Shoma Sato Rattles World Record With 2:06.40 Asian Standard For Tokyo Ticket To Home Olympics – Ippei Watanabe Out

2021-04-07 Reading Time: 5 minutes
Shoma Sato of the Tokyo King Frogs - by Mike Lewis, courtesy of the ISL
Shoma Sato of the Tokyo King Frogs - by Mike Lewis, courtesy of the ISL

Shoma Sato took down the Asian 200m breaststroke record with a 2:06.40 triumph at Tokyo Olympic trials and national swimming championships in a final that continued the roller-coaster drama of Japanese four-length ‘frog’ racing: it spelled the end of hope for former World-record holder and standard bearer Ippei Watanabe, third and out of a home Olympics.

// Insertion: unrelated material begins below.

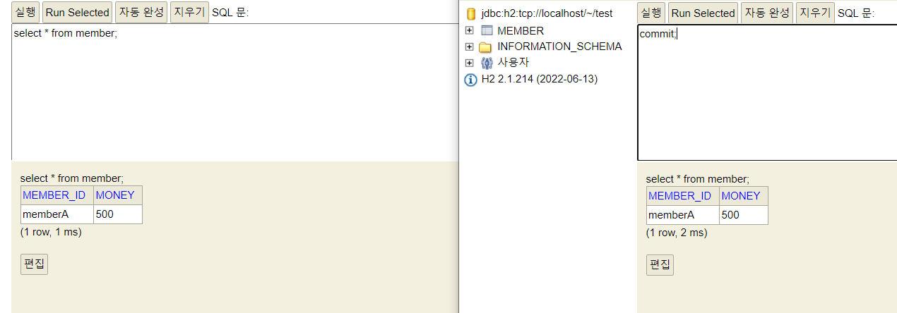 계좌이체 실행 -> 수동 커밋 설정 -> 아직 커밋 안함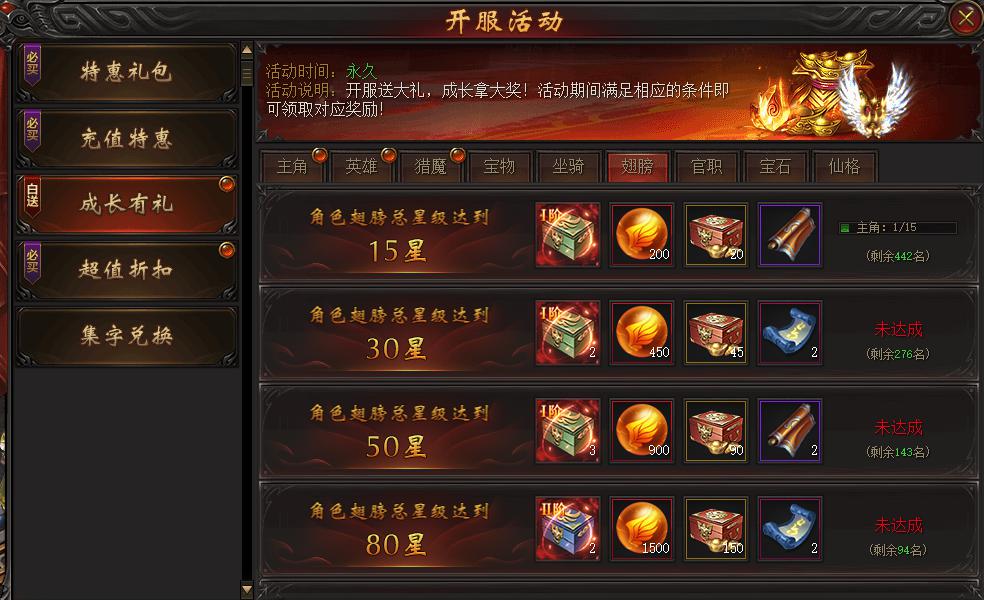说明:活动期间翅膀等阶满足条件即可领取大量奖励

The winning time at the Japan Open today left Shoma Sato just 0.28 shy of Anton Chupkov’s 2:06.12 World record and placed him second-swiftest on the all-time World Rankings.

The Japanese record had been held by Ippei Watanabe at 2:06.67, the time in which he established a World record in 2017 before Matthew Wilson, of Australia, matched that in semis at World Championships in Gwangju in 2019, Chupkov then taking gold ion the current global standard in the final a day later.

Watanabe was in the race for the first 100m, still in contention for a Tokyo 2020 berth at the last turn but unable to find his best form this day as Ryuya Mura sailed past him on the way to the end wall of fate.

The ebb and flow, and all-flow of Shoma Sato:

  • 28.88; 1:00.89; 1:33.39; 2:06.40 Shoma Sato
  • 29.16; 1:01.72; 1:34.89; 2:07.58 Ryuya Mura
  • 28.81; 1:01.53; 1:34.61; 2:08.30 Ippei Watanabe

Sato was in the zone:

“I couldn’t see others around me at all, I was just focused on my race from start to finish. In my semifinal, from 100 meters to 150 meters, my pace dropped off, so I tried to maintain it there. I managed to keep my calm, to my surprise. I couldn’t get the world record, but I don’t mind that at all…I’ve always talked about world record, but I want to win at the Olympics.”

Shoma Sato to Kyodo

Watanabe pointed to his love of a sport that could sometimes be “cruel”. He noted to Japanese media: “I’ve done everything I can. Yesterday’s semi-finals were calm; but I can’t say anything about today’s swim. I’ve been working towards this for months…it should have been the best time of my life. I gave it everything, this is the best I could do. To get third on that time shows that I just wasn’t mentally ready.”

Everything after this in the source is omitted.